This project implements a basic voice-based authentication system leveraging machine learning techniques. It uses audio feature extraction (MFCC and its derivatives) to model and recognize a specific speaker’s voice. The system enables a user to enroll with their voice and then authenticate future voice inputs using a trained Support Vector Machine (SVM) classifier.
The application is ideal for exploring the fundamentals of speaker recognition and machine learning-based audio processing.

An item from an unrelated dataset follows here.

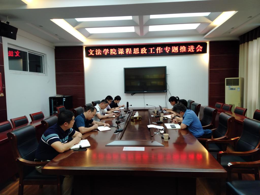 9月15日下午,文法学院在文渊楼216会议室召开课程思政建设工作专题推进会,党委书记吴价宝主持会议,院领导、各系支部书记参加会议。

Programming Language: Python
Libraries:
-
librosa – for audio loading and MFCC feature extraction
-
scikit-learn – for feature scaling and SVM classification
-
joblib – for saving and loading models
-
numpy – for numerical operations
-
Google Colab – for easy file uploads and execution
-
User Enrollment: Uploads two .wav files (user and non-user), extracts features, and trains an SVM model.
-
Voice Authentication: Authenticates a new voice sample against the trained model and returns success or failure with confidence.
-
Feature Extraction: Uses MFCC along with delta and delta-delta features to enhance speaker recognition.
-
Persistence: Saves both the trained model and scaler to disk for future use.
- User Enrollment:
-
The user uploads:
-
Their own .wav voice sample
-
A non-user .wav sample
-
-
MFCC + delta features are extracted from both.
-
A binary SVM classifier is trained and saved.
- Authentication:
-
The user uploads a new .wav sample.
-
The model extracts features and predicts whether it matches the enrolled user.
-
Authentication success/failure is reported based on probability threshold.